Już 285 dni blokowane jest głosowanie w sprawie uchylenia immunitetu dla marszałka Senatu Tomasza Grodzkiego. Do sprawy odniósł się Stanisław Karczewski, senator PiS, a także były marszałek Senatu.
Przypomnijmy, że uchylenia immunitetu marszałka Grodzkiego domaga się Prokuratura Regionalna w Szczecinie. Według tej prokuratury Grodzki, pełniąc funkcję dyrektora szpitala specjalistycznego w Szczecinie i ordynatora tamtejszego Oddziału Chirurgii Klatki Piersiowej, przyjął korzyści majątkowe od pacjentów lub ich bliskich.
- Wszystkie łajdactwa Platformy Obywatelskiej tłumaczone są przez PR-owców, a potem powtarzane przez polityków – stwierdził Karczewski.
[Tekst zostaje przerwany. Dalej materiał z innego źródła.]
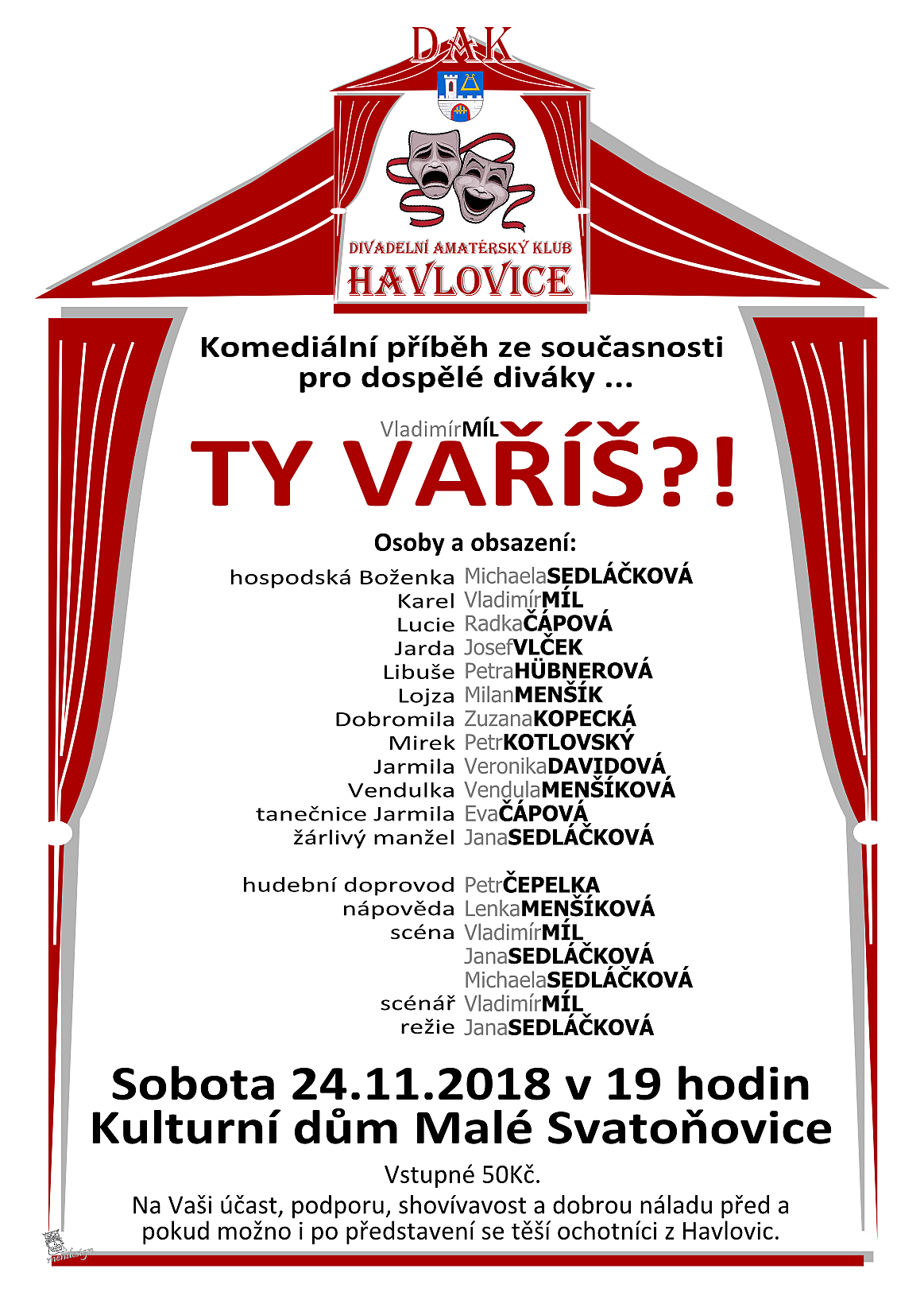 Divadelní amatérský klub Havlovice uvádí komediální příběh ze současnosti TY VAŘÍŠ?! Sobota 24. 11. 2018 v 19:00 hodin, Kulturní klub Malé Svatoňovice. Vstupné 50 Kč

- Donald Tusk przecież mówił o tym, że sprawa Sławomira Nowaka jest polityczna, wszystkie sprawy polityków Platformy są polityczne, a wszyscy jesteśmy równi wobec prawa -dodał były marszałek Senatu.
- Pan Grodzki ukrywa się w sposób haniebny, tchórzliwy za immunitetem. Miał wystarczająco dużo czasu, żeby podjąć męską decyzję -ocenił Karczewski.
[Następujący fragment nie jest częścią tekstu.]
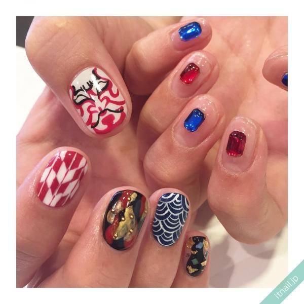 みなさんご存知の歌舞伎。重要無形文化財にも指定されていますよね。歌舞伎といえば、顔を白く塗り赤で線を描いた独特の化粧「隈取(くまどり)」を思い浮かべる人も多いのではないでしょうか?歌舞伎をネイルにするときは、隈取をモチーフにするとわかりやすいですよ。

Zdaniem senatora, - odesłanie wniosku i później niepodjęcie dalszych czynności z wnioskiem przez marszałka Borusewicza jest karygodne i absolutnie niezgodne z jakimikolwiek przepisami.
Wskazał także, że „pan marszałek Grodzki boi się i tchórzliwie chowa się za immunitetem już blisko 300 dni”.
- Gdyby taki wniosek wpłynął w stosunku do mnie - tego samego dnia lub następnego zrzekłbym się immunitetu i oczyszczał w sądzie, a tak podejrzenia korupcyjne w dalszym ciągu ciągną się za Grodzkim – zakończył Karczewski.